Manuel Queimadelos Alonso/Getty Images

Considered similar to Dani Alves on the opposite side, Barca always thought of Alba as a left-back in their system as opposed to a left winger and in that is half the reason why the 24-year-old has been able to progress this season.

Now set in a given position, he has been able to establish himself as one of the world's leading left-backs.
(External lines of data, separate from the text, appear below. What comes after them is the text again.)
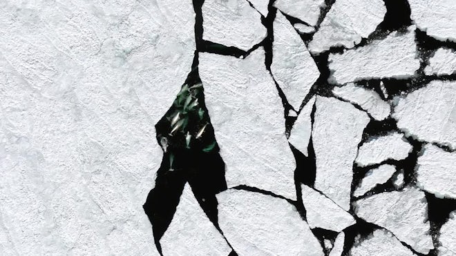 Beluga Whales Swimming In An Arctic Crack Of Broken Ice Shelf, Top Down Aerial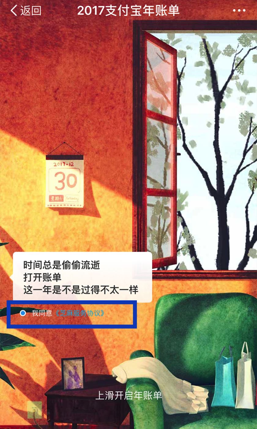 据岳屾山介绍,这个账单的查看和《芝麻服务协议》没有关联性,所以你选择取消同意,依然能够看到年度账单。但如果你没注意到,就会直接同意这个协议,允许支付宝收集你的信息包括在第三方保存的信息。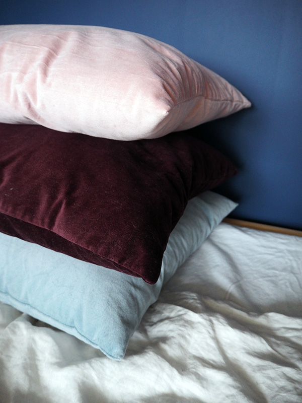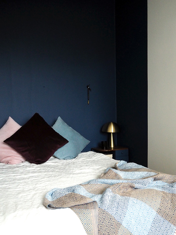 Ciemne tło warto wizualnie rozświetlić (choć „total dark look” też bywa piękny). W mojej sypialni rolę rozświetlacza pełni oczywiście złota lampa, ale i odcienie poduszek – jasny błękit oraz róż. Zmiana koloru tylko tych dodatków sprawi, że zmieni się postrzeganie całej przestrzeni. Wyobraźcie sobie proszę to wnętrze z ciemną pościelą zamiast białej i granatową poduszką zamiast błękitnej. Sporo inspiracji jak może wyglądać granatowa sypialnia w innym stylu znajdziecie tutaj: styl klasyczny, styl nowoczesny, wersja monochromatyczna;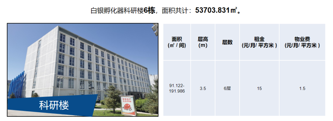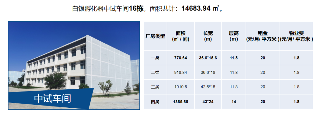 白银科技企业孵化器是甘肃省科技厅和白银市政府共建的科技企业孵化器基地,位于白银国家高新技术产业开发区,成立于2012年3月,占地面积130亩,孵化场地面积8.8万平方米。

Even Bayern Munich's president Uli Hoeness (via Marca), when asked which Real Madrid and Barca players would get into Bayern's side, answered "Iniesta, Alba..."

But it was as he energetically burst forward in the 94th minute of the Champions League tie against Milan that we really saw how Alba has progressed since returning to Catalonia.

As Michael Cox so eloquently put it in the Guardian, "it wasn't because Alba didn't stop running—it was because he knew when to start running."

That is definitely the key point here. Against the Italians, Barca went with a back-three for certain periods of the game, with Alves pushing forward as a right winger and Alba tucking in alongside Javier Mascherano and Gerard Pique, remaining true to his manager's instructions.

It was the perfect answer to all the questions that had rightfully been posed which pondered whether La Blaugrana could always afford to implement two such attack-minded full-backs.

If Alba's fantastic 82nd-minute challenge to deny Robinho didn't prove that he could be both disciplined and good defensively, then UEFA's average position diagrams certainly show how well he remained on task throughout the 90 minutes.

After seven years away from Barcelona, Alba has returned and proved that the club were wrong to ever let him go. Now, when questioned defensively, his most recent progress is beginning to prove any doubters of that side of his game wrong too.